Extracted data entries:
********

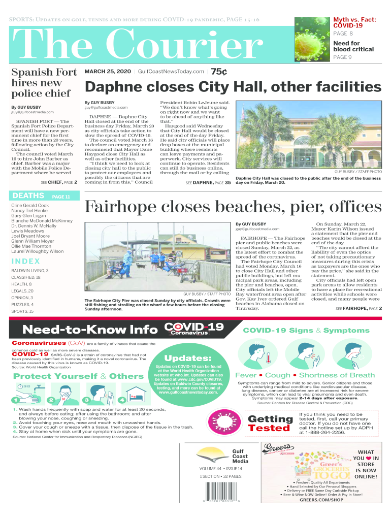 SPORTS: Updates on golf, tennis and more during COVID-19 pandemic, PAGE 1516Myth vs. Fact: COVID19The Courier Spanish Fort hires new police chiefMARCH 25, 2020 GulfCoastNewsToday.com guy gulfcoastmedia.com
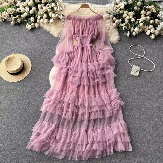 Robe à volants en maille à volants, jupe longue à épaules dénudées, style féerique, 1858
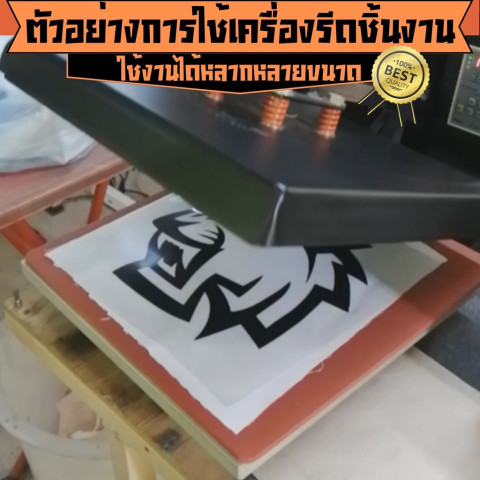 ยกคันโยกขึ้น นำฟิล์มหรืองานสกรีนออก ตรวจสอบงานที่ได้เรียบเนียนและติดแน่น พร้อมแพ็กส่งลูกค้าได้ทันที
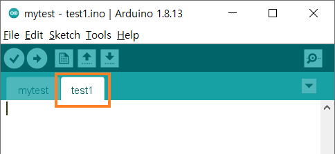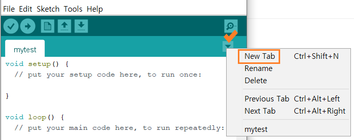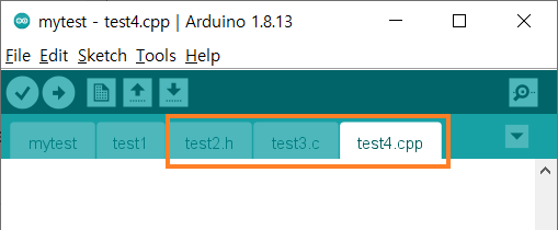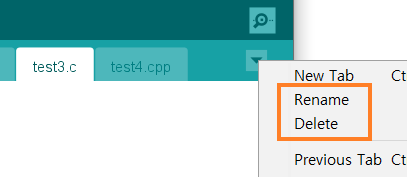 탭 우측의 드롭다운 메뉴(▼)에서 파일의 이름 변경 및 삭제도 가능하다. 탐색기에서 파일의 이름을 직접 변경하는 것도 가능하지만 IDE에 refresh 기능이 없어 IDE를 닫았다 다시 실행하면 변경된 파일 이름이 반영된다. 또한 새 소스파일을 탐색기에 바로 생성할 수 있는데 이때도 아두이노 IDE를 재실행해야 탭에 추가한 소스파일이 보인다.
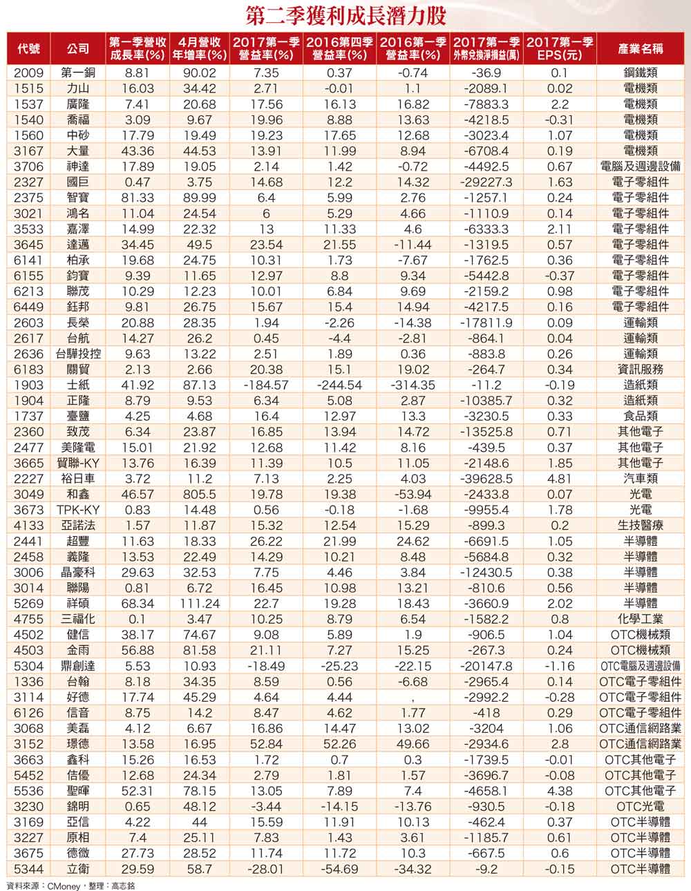 回歸本業表現 從財報內容尋寶畢竟股價反映的是市場對於未來營運前景的預期,由於第一季財報已全數公布完畢,匯損利空也多早已在股價反映,投資人此時不應再圍繞匯損數字打轉。反而要進一步從財報的內容,找尋那些本業營運體質已開始轉佳,卻受業外匯損蒙塵的鑽石。本文針對營益率轉變作為主要的篩選條件,先挑選第一季營益率同時大於去年第四季(季增)及去年第一季者(年增),再配合第一季營收成長及四月營收年增率大於第一季的營運動能增長條件,試圖抓出第二季獲利可能大成長的潛力股(在首季低基期的條件下)。營益率是用來衡量公司本業獲利能力的一項重要指標,是公司每創造一元的營收所能得到的獲利,其公式為營業利益除以營業收入的百分比數字。其中,營業利益是公司營業毛利減去營業費用後的數值。營益率越高,表示公司獲利能力強。反之,營益率越低,就表示獲利能力較低。一旦出現負值,就代表公司本業營運已進入虧損狀態。與毛利率的差別在於:毛利率只考慮生產產品所需要的成本,營業利益率則是包含在取得收入的過程中所耗用的一切成本。當營業利益率發生變化,隱含公司體質正在轉變,例如管理能力提升、新產品效益顯現及達當規模經濟等等,這些轉變均會反映在營業利益率的數字中。根據上述條件,共篩出五十二檔個股,上市有三十六檔,上櫃則有十六檔,以電子股居多,其次為工具機。由此可知,第二季財報黑馬應要鎖定這兩個族群,像是四月營收成長幅度較大的力山(1515)、鈺邦(6449)、致茂(2360)、和鑫(3049)、台翰(1336)、聖暉(5536)、亞信(3169)均可留意。第二季財報黑馬 鎖定電子及工具機族群電動工具代工廠力山,今年健身機新增美國大客戶,三月起產品已開始放量,帶動營收連續兩個月突破三億元,較去年同期成長三成以上。預估隨著人力、產線到位後,年底每月出貨將從目前近千台,一舉拉升至萬台,將是未來重要的營收增長動能。另力山位於浙江桐鄉的新廠已完成遷廠,新廠占地一○三畝,規劃產能較原來的杭州蕭山廠多出一倍。原來占地六十五畝的蕭山舊廠原址,將變更為商業區,當初購地成本每畝約人民幣五萬元,目前仍在與當地政府協商土地售價中,市場傳最快上半年就可定案,增添未來認列業外獲利的利多題材。
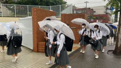 子どもたちの登校を見守っていると、いろいろな傘がある事に目がいきます。

********

* **Task to complete**
Leave the pictures out and write out every entry exactly as given.

* **Your response**
 SPORTS: Updates on golf, tennis and more during COVID-19 pandemic, PAGE 1516Myth vs. Fact: COVID19The Courier Spanish Fort hires new police chiefMARCH 25, 2020 GulfCoastNewsToday.com guy gulfcoastmedia.com
 Robe à volants en maille à volants, jupe longue à épaules dénudées, style féerique, 1858
 ยกคันโยกขึ้น นำฟิล์มหรืองานสกรีนออก ตรวจสอบงานที่ได้เรียบเนียนและติดแน่น พร้อมแพ็กส่งลูกค้าได้ทันที
 탭 우측의 드롭다운 메뉴(▼)에서 파일의 이름 변경 및 삭제도 가능하다. 탐색기에서 파일의 이름을 직접 변경하는 것도 가능하지만 IDE에 refresh 기능이 없어 IDE를 닫았다 다시 실행하면 변경된 파일 이름이 반영된다. 또한 새 소스파일을 탐색기에 바로 생성할 수 있는데 이때도 아두이노 IDE를 재실행해야 탭에 추가한 소스파일이 보인다.
 回歸本業表現 從財報內容尋寶畢竟股價反映的是市場對於未來營運前景的預期,由於第一季財報已全數公布完畢,匯損利空也多早已在股價反映,投資人此時不應再圍繞匯損數字打轉。反而要進一步從財報的內容,找尋那些本業營運體質已開始轉佳,卻受業外匯損蒙塵的鑽石。本文針對營益率轉變作為主要的篩選條件,先挑選第一季營益率同時大於去年第四季(季增)及去年第一季者(年增),再配合第一季營收成長及四月營收年增率大於第一季的營運動能增長條件,試圖抓出第二季獲利可能大成長的潛力股(在首季低基期的條件下)。營益率是用來衡量公司本業獲利能力的一項重要指標,是公司每創造一元的營收所能得到的獲利,其公式為營業利益除以營業收入的百分比數字。其中,營業利益是公司營業毛利減去營業費用後的數值。營益率越高,表示公司獲利能力強。反之,營益率越低,就表示獲利能力較低。一旦出現負值,就代表公司本業營運已進入虧損狀態。與毛利率的差別在於:毛利率只考慮生產產品所需要的成本,營業利益率則是包含在取得收入的過程中所耗用的一切成本。當營業利益率發生變化,隱含公司體質正在轉變,例如管理能力提升、新產品效益顯現及達當規模經濟等等,這些轉變均會反映在營業利益率的數字中。根據上述條件,共篩出五十二檔個股,上市有三十六檔,上櫃則有十六檔,以電子股居多,其次為工具機。由此可知,第二季財報黑馬應要鎖定這兩個族群,像是四月營收成長幅度較大的力山(1515)、鈺邦(6449)、致茂(2360)、和鑫(3049)、台翰(1336)、聖暉(5536)、亞信(3169)均可留意。第二季財報黑馬 鎖定電子及工具機族群電動工具代工廠力山,今年健身機新增美國大客戶,三月起產品已開始放量,帶動營收連續兩個月突破三億元,較去年同期成長三成以上。預估隨著人力、產線到位後,年底每月出貨將從目前近千台,一舉拉升至萬台,將是未來重要的營收增長動能。另力山位於浙江桐鄉的新廠已完成遷廠,新廠占地一○三畝,規劃產能較原來的杭州蕭山廠多出一倍。原來占地六十五畝的蕭山舊廠原址,將變更為商業區,當初購地成本每畝約人民幣五萬元,目前仍在與當地政府協商土地售價中,市場傳最快上半年就可定案,增添未來認列業外獲利的利多題材。
 子どもたちの登校を見守っていると、いろいろな傘がある事に目がいきます。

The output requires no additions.